** Action item **
Only the lines below, from the one with "Vagyis, a fő" through the one with "Große Hasenfigur von", are to be written out, exactly.

** Data supplied **

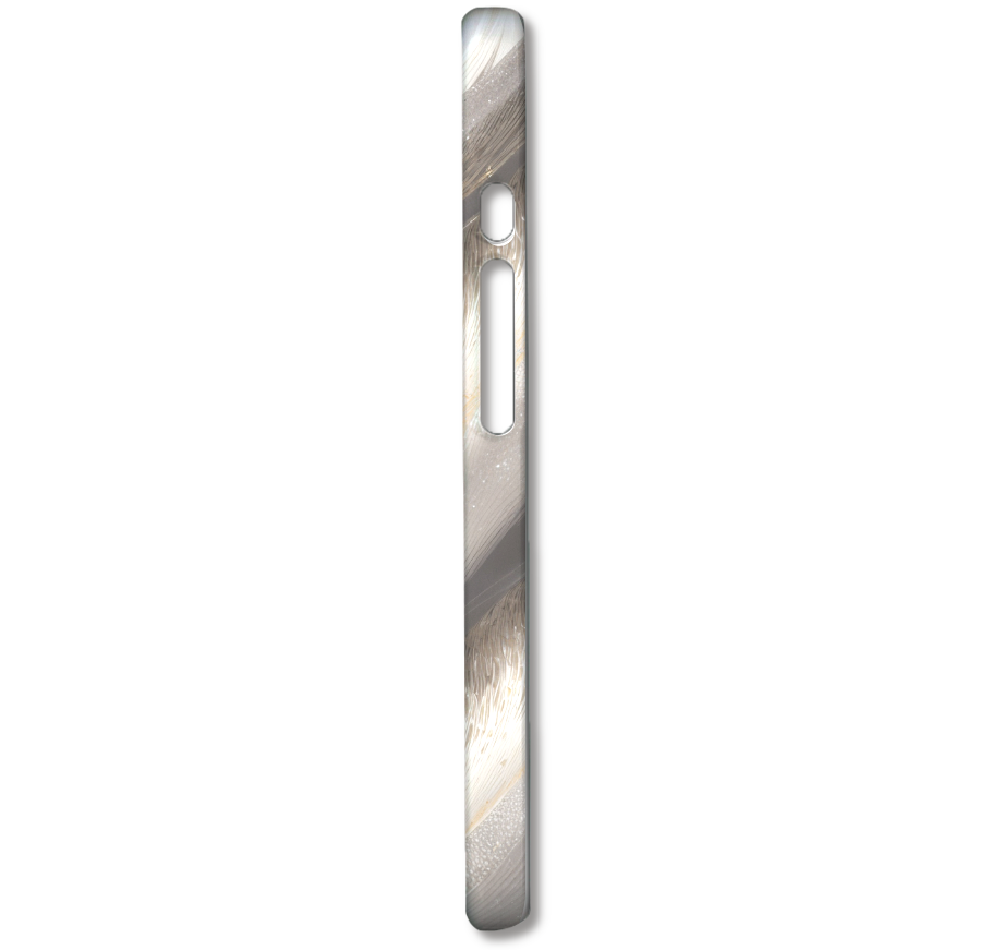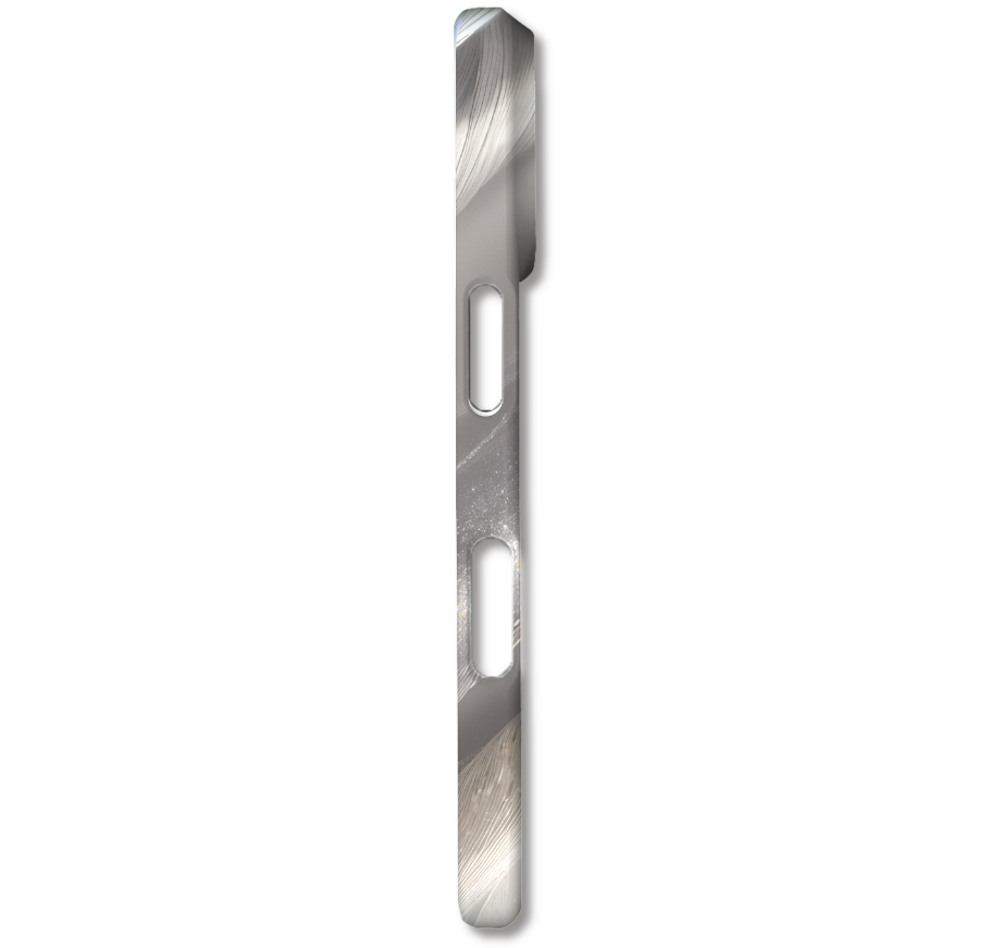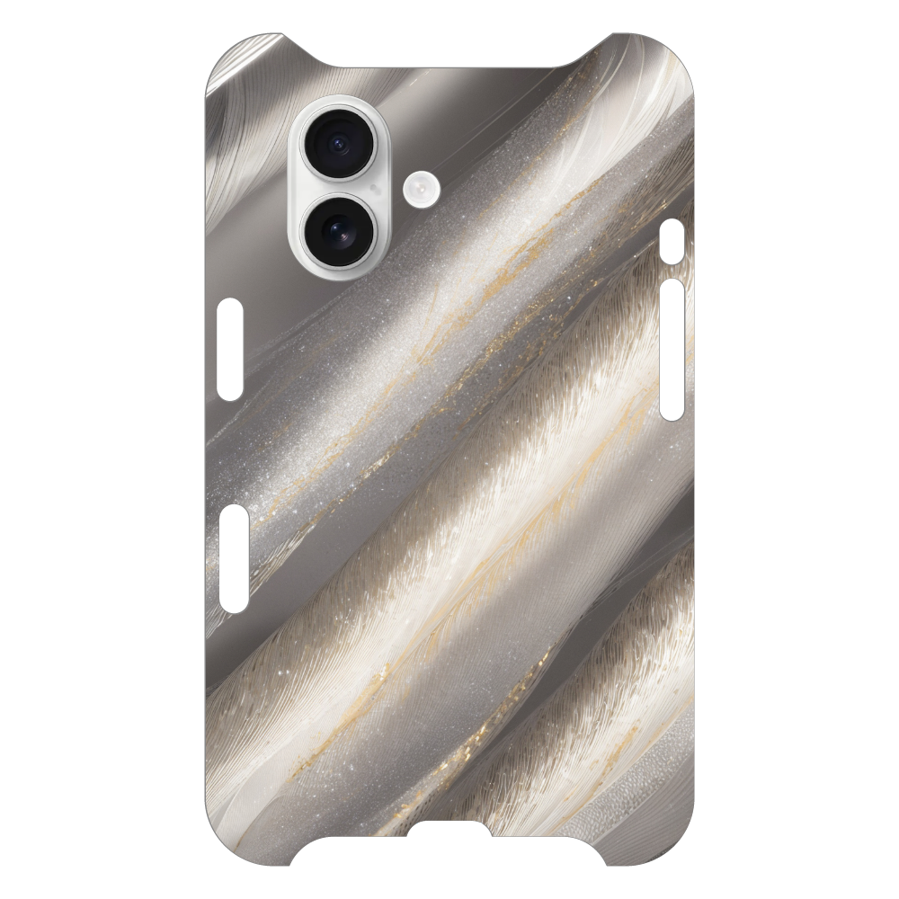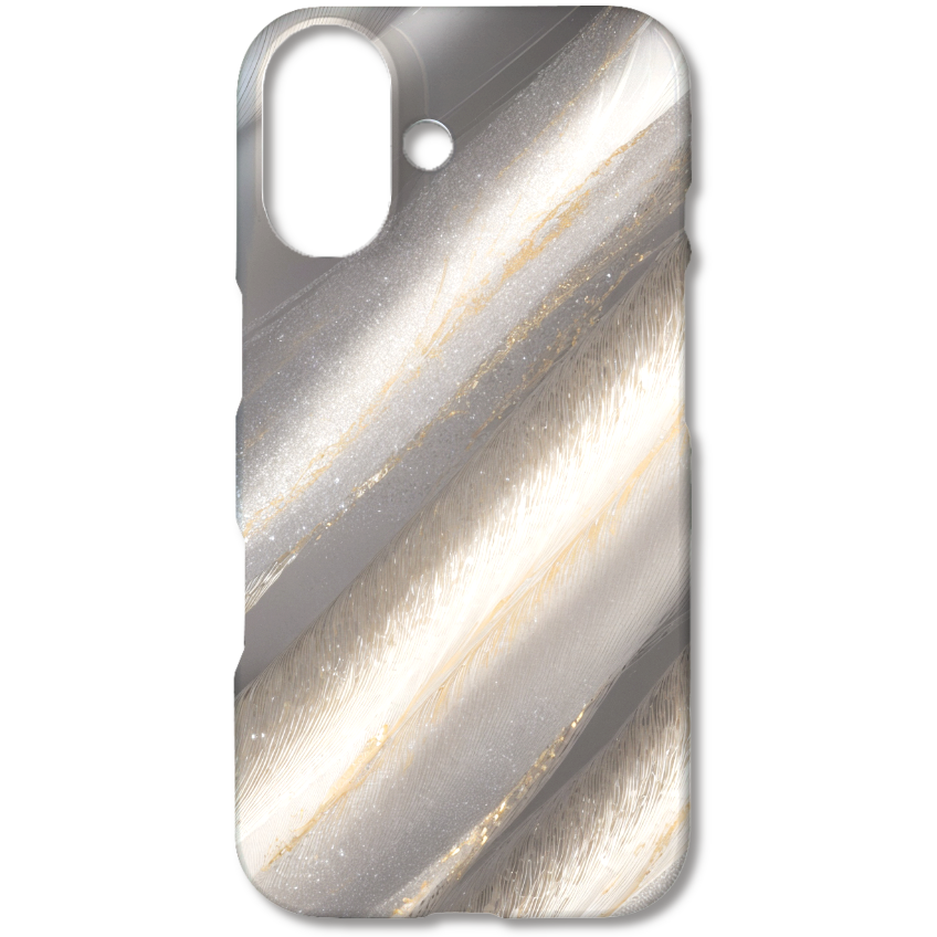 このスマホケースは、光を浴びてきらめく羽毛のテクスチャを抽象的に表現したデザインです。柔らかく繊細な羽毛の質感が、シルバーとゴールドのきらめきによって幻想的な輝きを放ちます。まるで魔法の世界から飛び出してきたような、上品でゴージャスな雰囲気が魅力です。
...
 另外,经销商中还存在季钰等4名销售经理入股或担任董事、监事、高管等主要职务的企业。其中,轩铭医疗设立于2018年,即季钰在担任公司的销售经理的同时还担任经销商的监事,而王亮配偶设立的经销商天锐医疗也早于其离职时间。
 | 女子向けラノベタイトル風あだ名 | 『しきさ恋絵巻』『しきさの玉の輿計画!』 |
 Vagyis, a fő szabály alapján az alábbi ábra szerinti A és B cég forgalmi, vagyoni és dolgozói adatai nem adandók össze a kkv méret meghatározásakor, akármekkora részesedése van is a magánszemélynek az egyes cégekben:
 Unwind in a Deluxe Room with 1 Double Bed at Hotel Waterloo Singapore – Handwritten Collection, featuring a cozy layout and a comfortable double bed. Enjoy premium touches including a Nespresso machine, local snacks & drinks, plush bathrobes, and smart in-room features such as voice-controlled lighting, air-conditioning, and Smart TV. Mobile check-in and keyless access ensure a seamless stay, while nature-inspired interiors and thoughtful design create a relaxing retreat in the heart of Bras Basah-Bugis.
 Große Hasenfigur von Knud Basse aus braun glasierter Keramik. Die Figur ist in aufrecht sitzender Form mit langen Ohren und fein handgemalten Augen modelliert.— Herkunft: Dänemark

** Response area **
 Vagyis, a fő szabály alapján az alábbi ábra szerinti A és B cég forgalmi, vagyoni és dolgozói adatai nem adandók össze a kkv méret meghatározásakor, akármekkora részesedése van is a magánszemélynek az egyes cégekben:
 Unwind in a Deluxe Room with 1 Double Bed at Hotel Waterloo Singapore – Handwritten Collection, featuring a cozy layout and a comfortable double bed. Enjoy premium touches including a Nespresso machine, local snacks & drinks, plush bathrobes, and smart in-room features such as voice-controlled lighting, air-conditioning, and Smart TV. Mobile check-in and keyless access ensure a seamless stay, while nature-inspired interiors and thoughtful design create a relaxing retreat in the heart of Bras Basah-Bugis.
 Große Hasenfigur von Knud Basse aus braun glasierter Keramik. Die Figur ist in aufrecht sitzender Form mit langen Ohren und fein handgemalten Augen modelliert.— Herkunft: Dänemark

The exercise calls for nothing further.